In Annoy, the metric can be “angular,” “euclidean,” “manhattan,” “hamming,” or “dot.”

annoy_index_t = AnnoyIndex(1536, 'angular')
index_map = {}
i = 0
for file in embeddings_dict:
	annoy_index_t.add_item(i, embeddings_dict[file])
	index_map[i] = file
	i+=1

annoy_index_t.build(len(files))
name = "CodeBase" + "_ada.ann"
annoy_index_t.save(name)

### Maintains a forward map of id -> file name
with open('index_map' + "CodeBase" + '.txt', 'w') as f:
	for idx, path in index_map.items():
    	f.write(f'{idx}\t{path}\n')

We can see the size of indices is proportional to the number of files in the local repository. Size of annoy index generated for popular GitHub repositories.

Repository	File Count (approx as its growing)	Size
Langchain	1983+	60 MB
Llama Index	779	14 MB
Apache Solr	5000+	328 MB
Local GPT	8	165 KB

Generate Response With Open Interpreter (Calls GPT-4)
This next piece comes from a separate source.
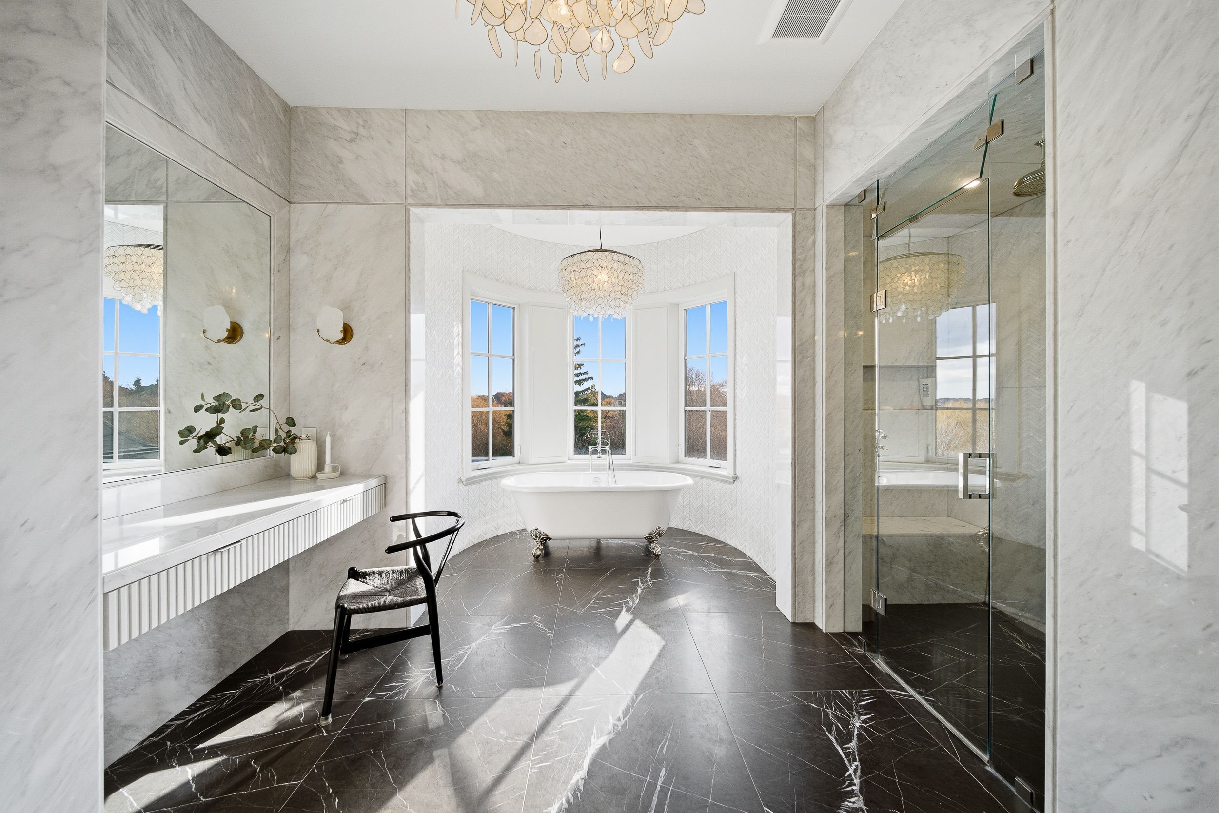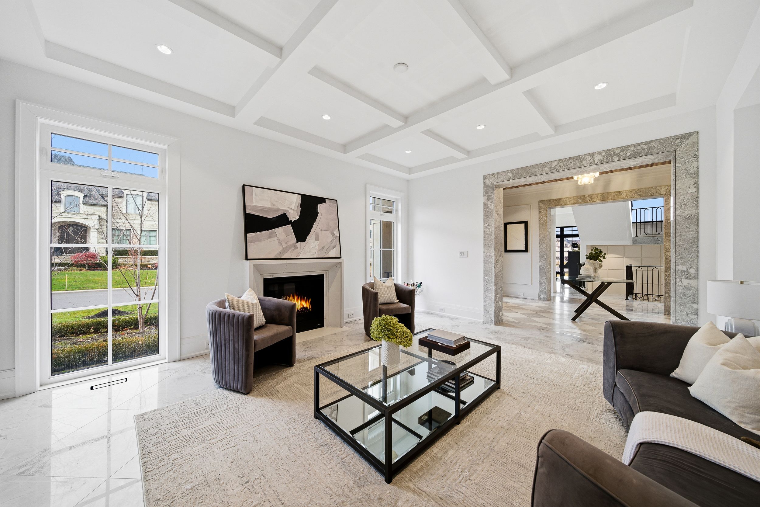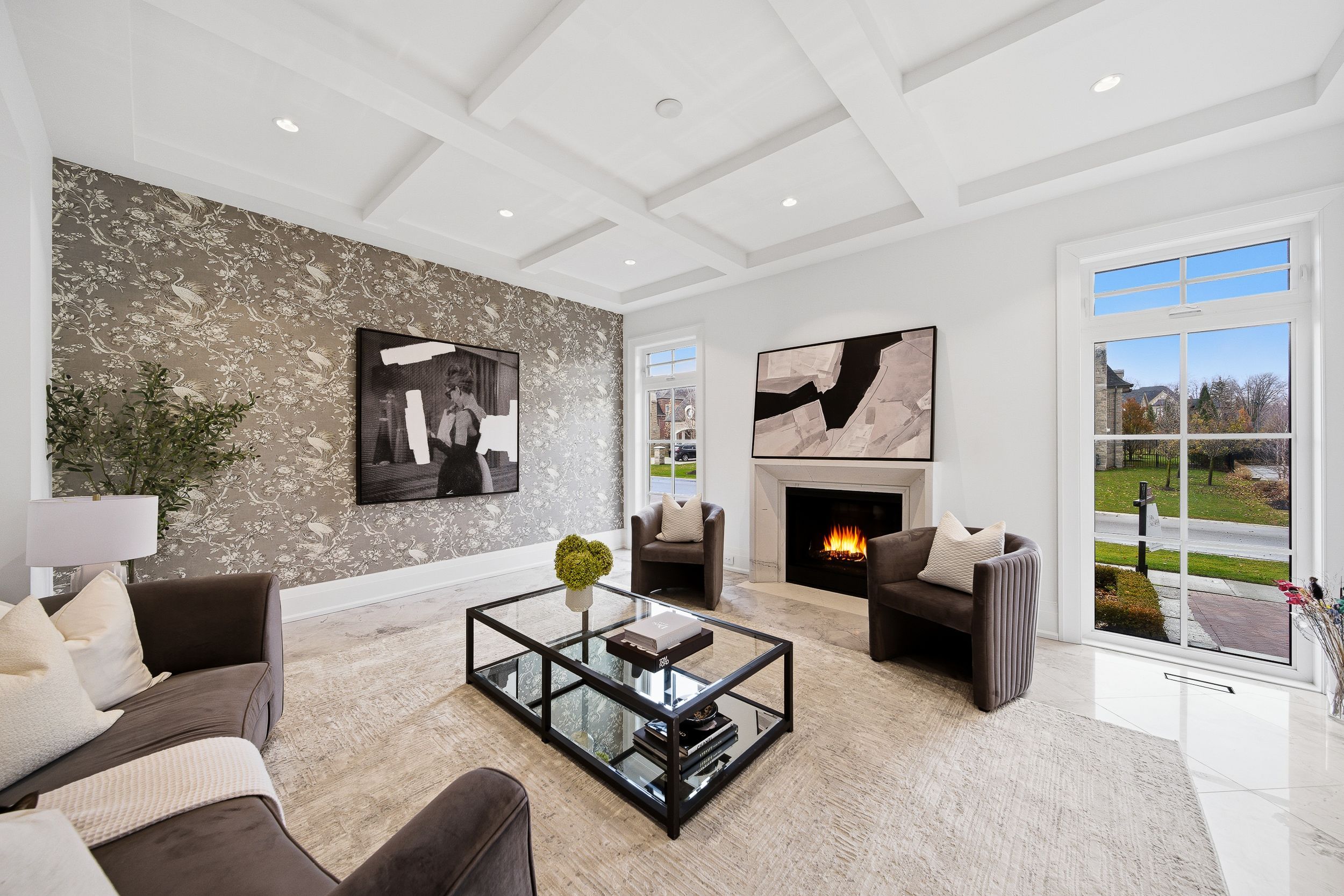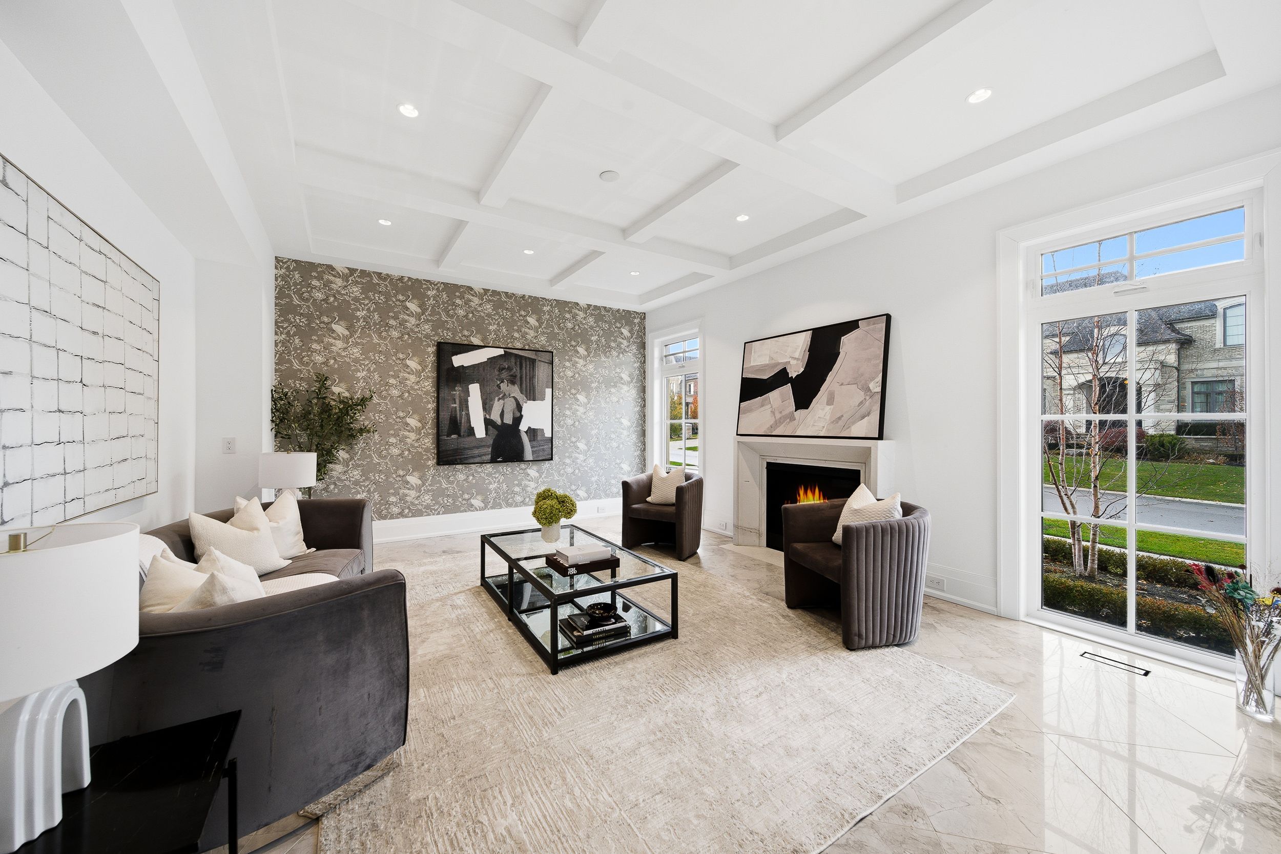 Experience uncompromising luxury in this custom-built estate offering approximately 9,500 sq. Ft. Of total living space, set on over half an acre backing onto a private ravine. Designed with exceptional craftsmanship, this residence features 10. 5' main-floor ceilings, 10' ceilings on the second level, and approximately 9' ceilings in the walk-out lower level, all enhanced by custom millwork, natural stone slab flooring, white oak hardwood, and multiple designer fireplaces. With five bedrooms plus an additional nanny suite, the home is ideal for multi-generational living. The chef's kitchen showcases solid wood cabinetry, walnut detailing, a 60" thermador panelled fridge/freezer, 48" rangetop, double bosch ovens, a walk-in pantry and honed marble surfaces. The spa-like primary retreat includes slab marble walls, a steam shower, victoria & albert tub, heated floors and exquisite mother-of-pearl accents. Additional ensuites feature marble finishes, heated floors and premium fixtures. A main-floor guest suite, two laundry rooms, built-in closet lighting and full smart-home automation elevate everyday living. The walk-out lower level offers a gym with sauna, nanny quarters, cantina, bar area and a future theatre room. A 3-car garage with oversized 9' x 9' doors provides the option to install lifts for additional vehicle storage. Outdoors, enjoy a resort-style 16' x 38' saltwater pool with omni logic automation, a cabana with kitchen and bath, outdoor shower, two loggias with a fireplace and bbq, and extensive professional landscaping. A rare offering that blends modern elegance, advanced technology and exceptional indoor-outdoor living.
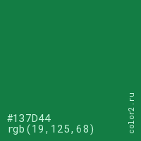 Цвет #137D44 в цветовой модели RGB обозначается тремя октетами (19, 125, 68) в десятичном формате и #137D44 в шестнадцатиричном (hex) формате, которые являются интенсивностью красного 19 (hex 13), интенсивность зелёного 125 (hex 7D) и интенсивность синего 68 (hex 44).

Once the index is built, a simple command line python script can be implemented to ask questions right from the terminal about your codebase. We can leverage Open Interpreter.

One of the reasons to use Open Interpreter instead of us calling GPT-4 or other LLMs directly is because Open-Interpreter allows us to make changes to your file and run commands. It handles interaction with GPT-4.

embeddings = OpenAIEmbeddings(openai_api_key="Your OPEN AI KEY")
query = sys.argv[1] ### Your question
depth = int(sys.argv[2]) ## Number of documents to retrieve from Vector SEarch
name = sys.argv[3] ## Name of your index

### Get Top K files based on nearest neighbor search
def query_top_files(query, top_n=4):

    # Load annoy index and index map

    t = AnnoyIndex(EMBEDDING_DIM, 'angular')
    t.load(name+'_ada.ann')
    index_map = load_index_map()
    # Get embeddings for the query
    query_embedding = get_embeddings_for_text(query)

    # Search in the Annoy index
    indices, distances = t.get_nns_by_vector(query_embedding, top_n, include_distances=True)
    # Fetch file paths for these indices (forward index helps)
    files = [(index_map[idx], dist) for idx, dist in zip(indices, distances)]
    return files

### Use Open Interpreter to make the call to GPT-4

import interpreter
results = query_top_files(query, depth)
file_content = ""

s = set()
print ("Files you might want to read:")

for path, dist in results:

    content = get_file_contents(path)
    file_content += "Path : "
    file_content += path
    if (path not in s):
        print (path)
        s.add(path)
    file_content += "\n"
    file_content += content

print( "open interpreter's recommendation")

message = "Take a deep breath. I have a task to complete. Please help with the task below and answer my question. Task : READ THE FILE content below and their paths and answer " + query + "\n" + file_content

interpreter.chat(message)

print ("interpreter's recommendation done. (Risk: LLMs are known to hallucinate)")

Anecdotal Results

Langchain

Question: Where should I make changes to add a new summarization prompt?

The recommended files to change are;

refine_prompts.py
stuff_prompt.py
map_reduce_prompt.py
entity_summarization.py

All of these files are indeed related to the summarization prompt in langchain.

Local GPT

Question: Which files should I change, and how do I add support to the new model Falcon 80B?

Open interpreter identifies the files to be changed and gives specific step-by-step instruction for adding Falcon 80 b model to the list of models in constants.py and adding support in the user interface of localGPT_UI.py.
For specific prompt templates, it recommends to modify the method get_prompt_template in prompt_template_utils.py.

The complete code can be found here.

Conclusion

The advantages of a simple RAG solution like this will help with:

Accelerated Onboarding: New contributors can quickly get up to speed with the codebase, reducing the onboarding time.
Reduced Errors: With specific guidance, newcomers are less likely to make mistakes or introduce bugs.
Increased Engagement: A supportive tool can encourage more contributions from the community, especially those hesitant due to unfamiliarity with the codebase.
Continuous Learning: Even for experienced developers, the tool can be a means to discover and learn about lesser-known parts of the codebase.